How to complete this task:
Retype only the lines below from the one with "前半の「ET」はデコレーションデザイナー Esteri Tomula" to the one with "This shows how", inclusive, skipping every image.

The data:
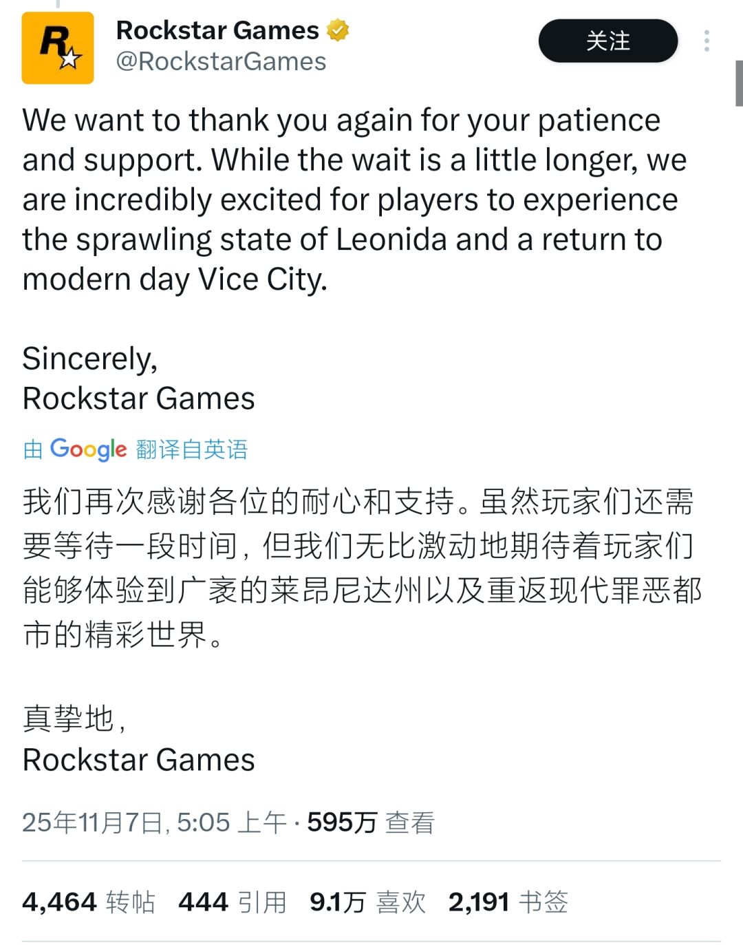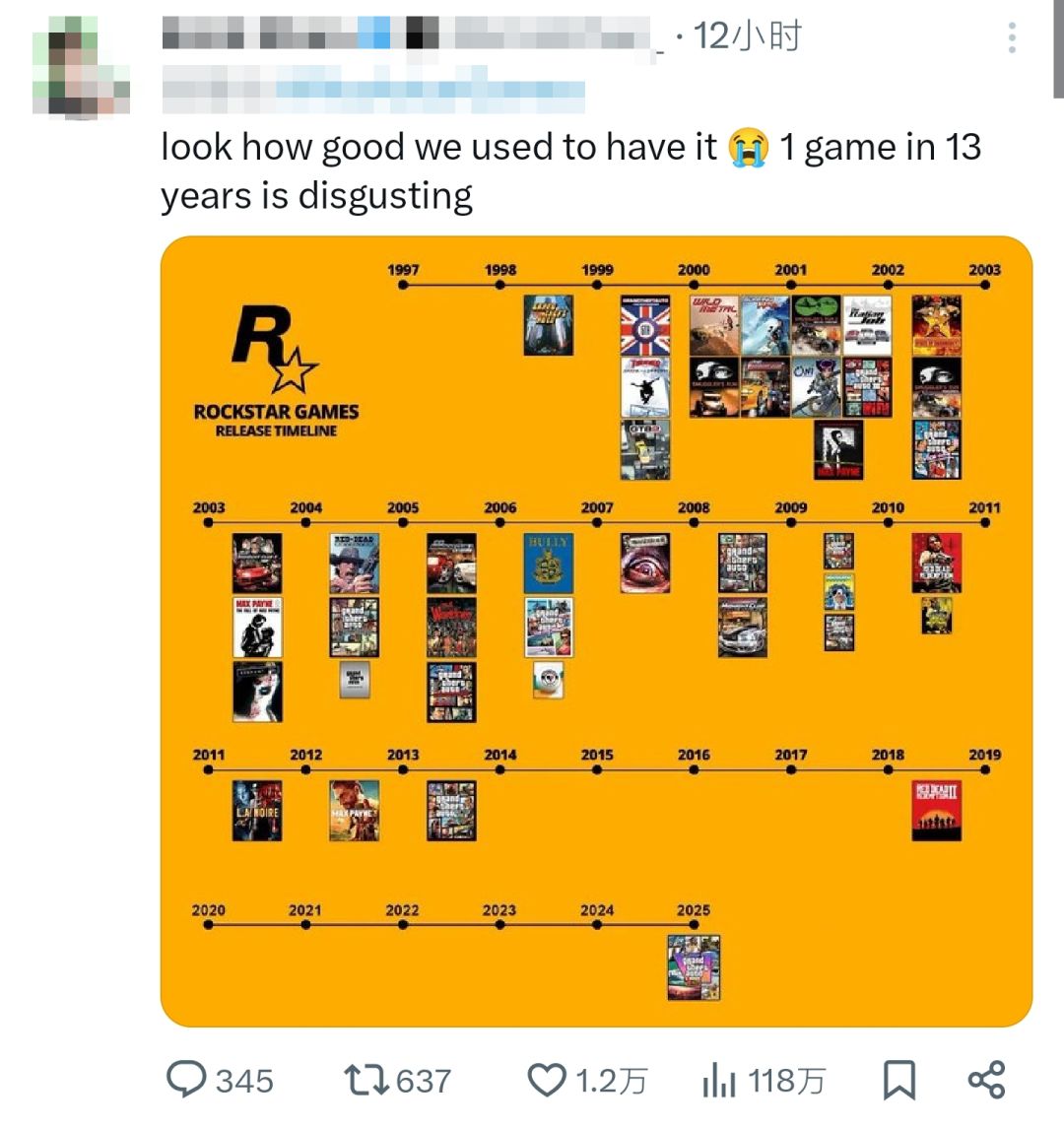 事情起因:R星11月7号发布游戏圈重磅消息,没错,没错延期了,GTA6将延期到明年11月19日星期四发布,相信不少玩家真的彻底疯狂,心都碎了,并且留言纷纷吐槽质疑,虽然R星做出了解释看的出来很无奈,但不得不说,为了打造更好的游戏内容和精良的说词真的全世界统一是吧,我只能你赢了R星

* * *

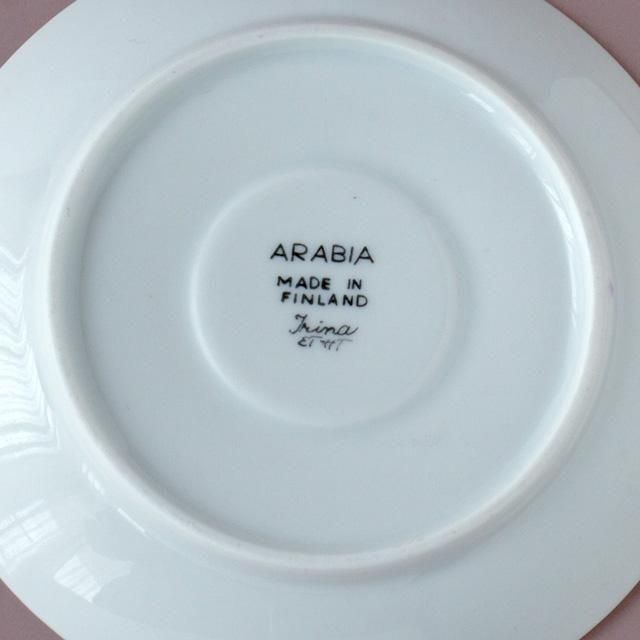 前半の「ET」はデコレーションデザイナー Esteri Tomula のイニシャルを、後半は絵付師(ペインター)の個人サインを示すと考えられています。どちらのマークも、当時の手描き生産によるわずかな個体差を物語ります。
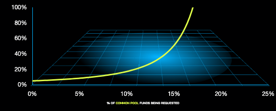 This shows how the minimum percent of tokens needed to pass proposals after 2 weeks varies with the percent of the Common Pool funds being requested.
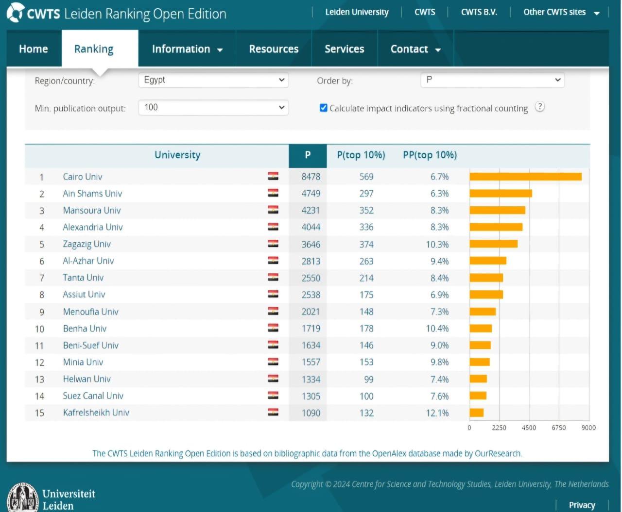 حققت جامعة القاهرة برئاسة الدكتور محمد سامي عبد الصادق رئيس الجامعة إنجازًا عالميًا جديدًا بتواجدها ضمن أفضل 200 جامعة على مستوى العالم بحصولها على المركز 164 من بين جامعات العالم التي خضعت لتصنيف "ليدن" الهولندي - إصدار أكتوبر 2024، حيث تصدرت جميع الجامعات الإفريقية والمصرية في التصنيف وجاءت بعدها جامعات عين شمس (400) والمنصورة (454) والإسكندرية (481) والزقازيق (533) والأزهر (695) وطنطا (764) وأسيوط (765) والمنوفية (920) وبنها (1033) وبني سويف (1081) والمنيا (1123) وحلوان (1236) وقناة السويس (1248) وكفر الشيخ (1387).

Exercise result:
 前半の「ET」はデコレーションデザイナー Esteri Tomula のイニシャルを、後半は絵付師(ペインター)の個人サインを示すと考えられています。どちらのマークも、当時の手描き生産によるわずかな個体差を物語ります。
 This shows how the minimum percent of tokens needed to pass proposals after 2 weeks varies with the percent of the Common Pool funds being requested.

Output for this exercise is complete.